I am not sure I understand the meaning of “epidemiological after-effects“; are they related somehow to GWAS? It is not possible to identify physiological mechanisms of blood pressure regulation by QTL mapping. QTL is a segment chromosome usually with multiple genes. Identification of a QTL provides information about location of putative genetic determinants (not specific genes) regulating blood pressure but provides no information about physiological mechanisms regulating blood pressure.
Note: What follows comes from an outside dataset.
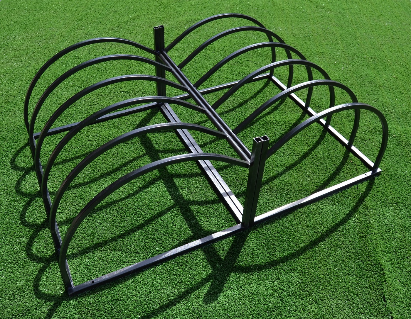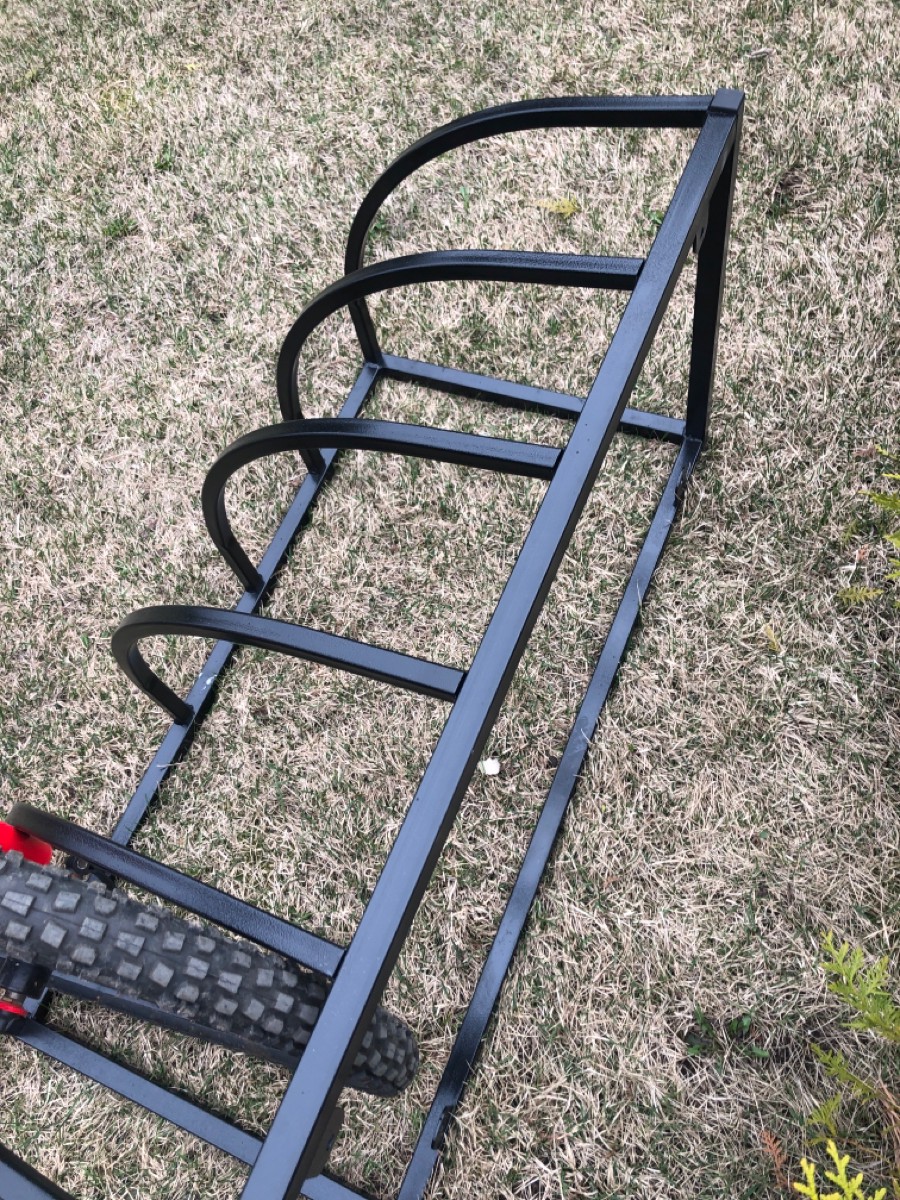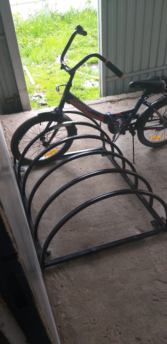 Модульная велопарковка на 5 велосипедов.Изготовлена из профильной трубы 25 х 25 и 20 х 20 мм.В вертикальной положении Размер 1050 х 530 мм. Высота 800 мм.В горизонтальном положении Размер 1050 х 800 мм. Высота 530 мм.Покраска в черный цвет.Вес 10 кг

Maybe authors wanted to say that physiological analysis of congenic strains with genetically isolated QTL might provide some hints about physiological mechanims related to blood pressure diffrence.

 

“The evidence has reproduced the outcome that each QTL genetically acts as a building block by Mendelian monogenicity.“

Comments

This phrase that “…QTL genetically acts…by Mendelian monogenicity“ is an oxymoron.

 

“A gene dose for a QTL is irrelevant to BP controls.“

Comments

A QTL is not a gene, thus “a gene dose for a QTL…“ does not make sense

 

“Together, QTLs join one another as a group in modularized Mendelian fashion to achieve polygenicity.“

Comments

According to the authors a group of QTLs is similar to a Mendelian trait and thus achieves polygenicity. It does not make sense.

 

“Mechanistically, the QTLs in the same module appear to function in a common pathway. Each is involved in a different step in the pathway towards polygenic hypertension.“

Comments

QTLs are segments of chromosomes with many genes. Thus it is not possible to analyze mechanisms of chromosome segments.

 

“This emerging concept is a departure from the human-centric precept that the level of QTL expressions, not physiology, would ultimately determine BP.“

Comments

According to the authors, GWAS are human-centric because they use common SNPs that are specific to humans and are not present in rodent models. The authors argue that these polymorphisms cannot represent genetic variants regulating blood pressure. However, this is misunderstanding, nobody  claims that common variants used in GWAS are reponsible genes. And of course, GWAS are human-centric.

QTLs are segments of chromosomes and therefore “QTL expressions“ is a nonsense.